Spirit — the airline that already charges you for carrying on a single suitcase — will start charging $5 if you need to have a ticket agent print out your boarding pass.

The airline says it will also lower fares by $5 to make up for the new fee. Hence the genius headline on the press release the company issued to announce the new fee:

Airline Lowers Fares on All Non-Stop Flights and Offers Savings for Checking In Online

The fee starts in November. Starting next year, the airline will also charge $1 if you print out your boarding pass at one of its airport kiosks.

Spirit is a particularly aggressive fee collector, but fees are taking on a bigger role in the airline industry overall.

As we noted in last week's podcast, U.S. airlines collected $3.4 billion in baggage fees last year. And, in addition to charging for snacks, airlines are looking at all sorts of other fees — for WiFi, for extra legroom, for boarding early, etc.

This is in large part because selling seats on airplanes is a lousy business. Fare prices are super competitive. Airlines regularly lose money. In the past decade, US Airways, United, Northwest, Delta have all gone through bankruptcy.

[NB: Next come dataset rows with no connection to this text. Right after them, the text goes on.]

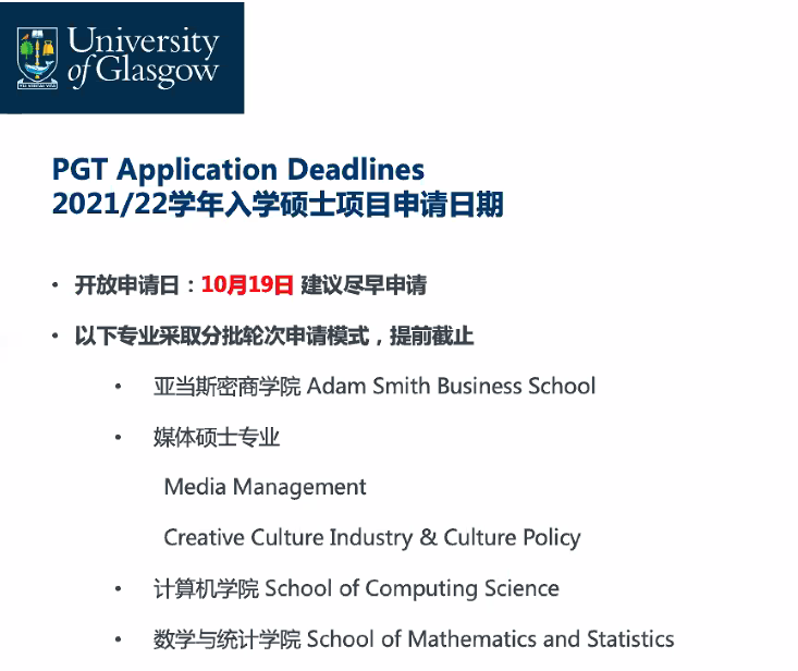 格拉斯哥大学亚当斯密商学院已于11月15日关闭第一轮申请。同时,格拉斯哥大学亚当斯密商学院还强烈建议国际学生在12月15日之前提交申请。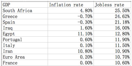 接下里,再看看另一个重要的数据,失业率,这个大家都很容易理解了,失业的滋味一定不是爽快的。失业率常常是一个国家经济现状的直观体现,即它是一个结果,一个国家的经济发展已经无法给予其适龄劳动人口以充分的就业,这种情况常常与通缩相伴。让我们看看近期这方面比较严重的国家: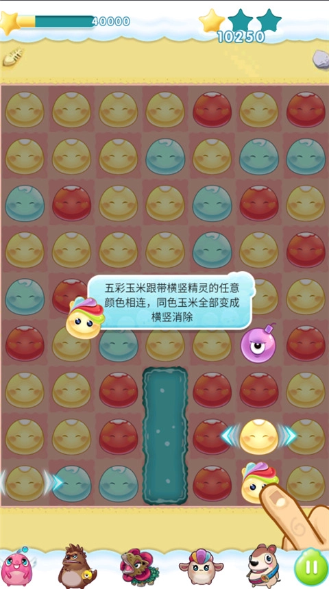 五彩玉米与带有横竖精灵的任意颜色相连时,所有同色玉米都会触发横竖消除效果。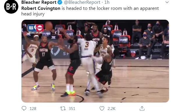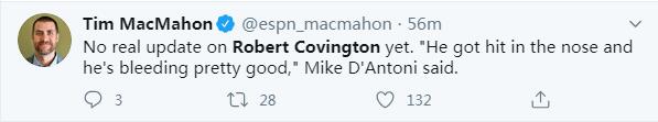 根据赛后德安东尼的采访,他表示科温顿鼻子被撞了流了很多血。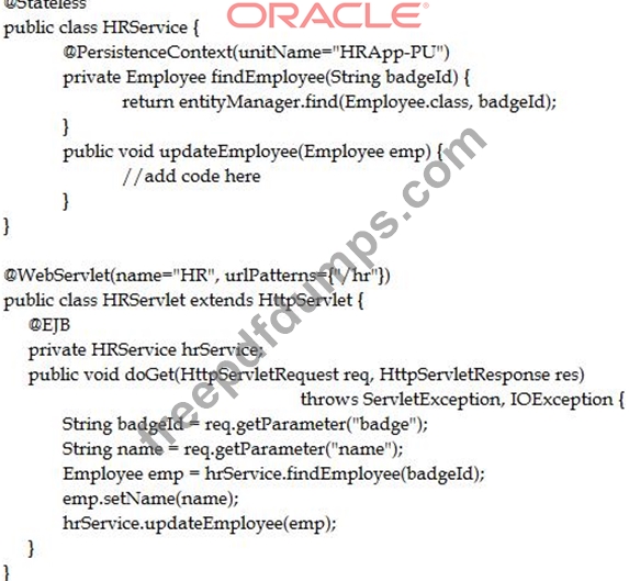 What code should you add to the body of the updateEmployee method in order to save pending changes to the database?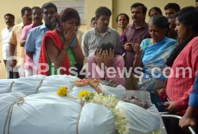 Photo Caption : Relatives of Bharati, Ramesh and Jagadish grieving at mortuary at Victoria Hospital, who died last night after a huge tree fell on their car at Minerva Circle after heavy rainfall, in Bengaluru on Saturday 9th September 2017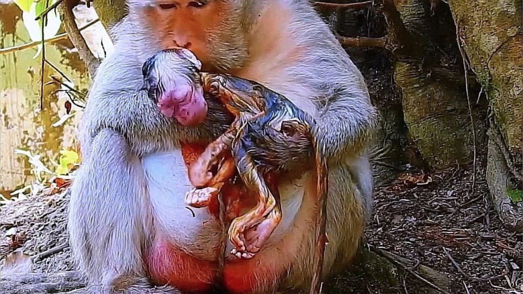 In the forest, where life thrives with sounds of rustling leaves and chirping birds, a quiet struggle unfolds. A mother monkey clings tightly to her…

So airlines are competing on low fares trying to sell whatever extras they can.

This might actually work to your advantage if you pack light, bring a sandwich and print your boarding pass at home.

Bonus Fee:

via Time:

Spirit is the first in the U.S. to [charge for printing boarding passes] but not the first in the business. That honor belongs to the ultimate cheapskate, Ireland's Ryanair. The ultra discount carrier that loves to be hated charges £40 for the privilege, or about $21. In response, other vendors, such as car rental agencies, that had locations near Ryanair's check in, quickly set up a secondary market, offering to print the boarding passes for passengers for £10...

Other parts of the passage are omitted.